Prohibitin-mediated lifespan and mitochondrial stress implicate SGK-1, insulin/IGF and mTORC2 in C. elegans.

Lifespan regulation by mitochondrial proteins has been well described, however, the mechanism of this regulation is not fully understood. Amongst the mitochondrial proteins profoundly affecting ageing are prohibitins (PHB-1 and PHB-2). Paradoxically, in C. elegans prohibitin depletion shortens the lifespan of wild type animals while dramatically extending that of metabolically compromised animals, such as daf-2-insulin-receptor mutants. Here we show that amongst the three kinases known to act downstream of daf-2, only loss of function of sgk-1 recapitulates the ageing phenotype observed in daf-2 mutants upon prohibitin depletion. Interestingly, signalling through SGK-1 receives input from an additional pathway, parallel to DAF-2, for the prohibitin-mediated lifespan phenotype. We investigated the effect of prohibitin depletion on the mitochondrial unfolded protein response (UPRmt). Remarkably, the lifespan extension upon prohibitin elimination, of both daf-2 and sgk-1 mutants, is accompanied by suppression of the UPRmt induced by lack of prohibitin. On the contrary, gain of function of SGK-1 results in further shortening of lifespan and a further increase of the UPRmt in prohibitin depleted animals. Moreover, SGK-1 interacts with RICT-1 for the regulation of the UPRmt in a parallel pathway to DAF-2. Interestingly, prohibitin depletion in rict-1 loss of function mutant animals also causes lifespan extension.
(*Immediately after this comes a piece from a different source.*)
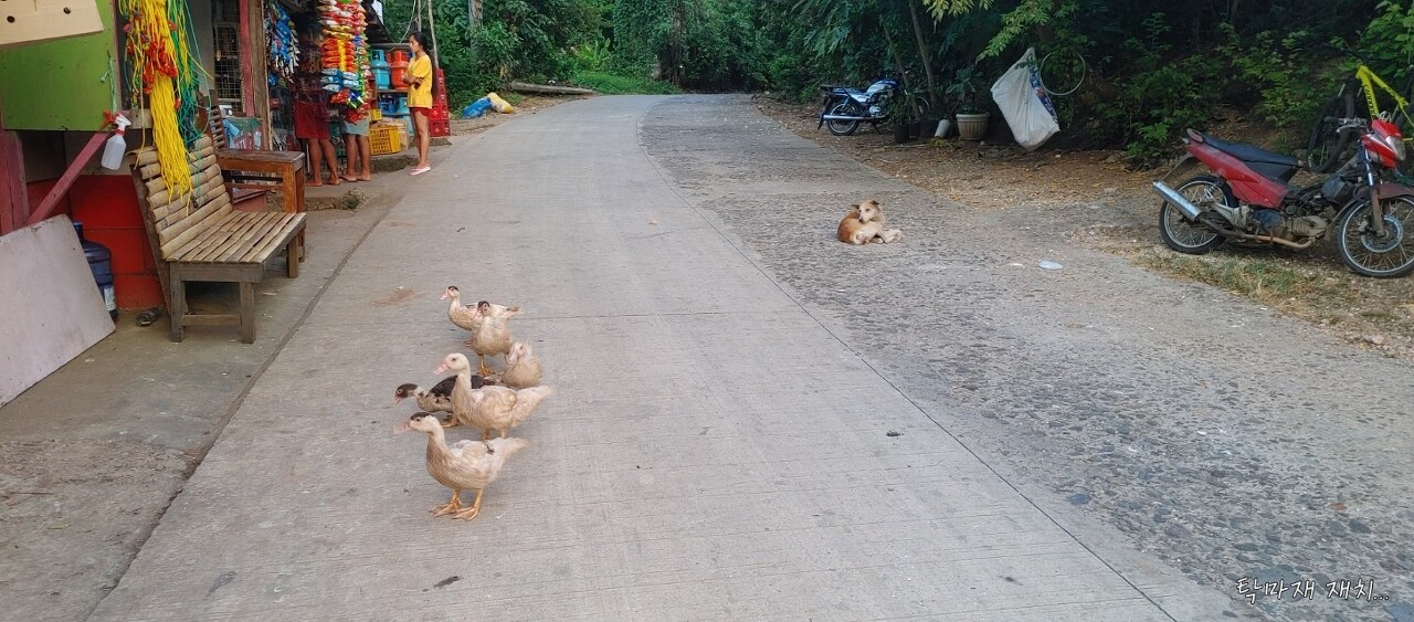 중간에 길을 막고 시위중인 오리떼와 그들을 보호중인 강아지...

Finally, we reveal an unprecedented role for mTORC2-SGK-1 in the regulation of mitochodrial homeostasis. Together, these results give further insight into the mechanism of lifespan regulation by mitochondrial function and reveal a cross-talk of mitochondria with two key pathways, Insulin/IGF and mTORC2, for the regulation of ageing and stress response.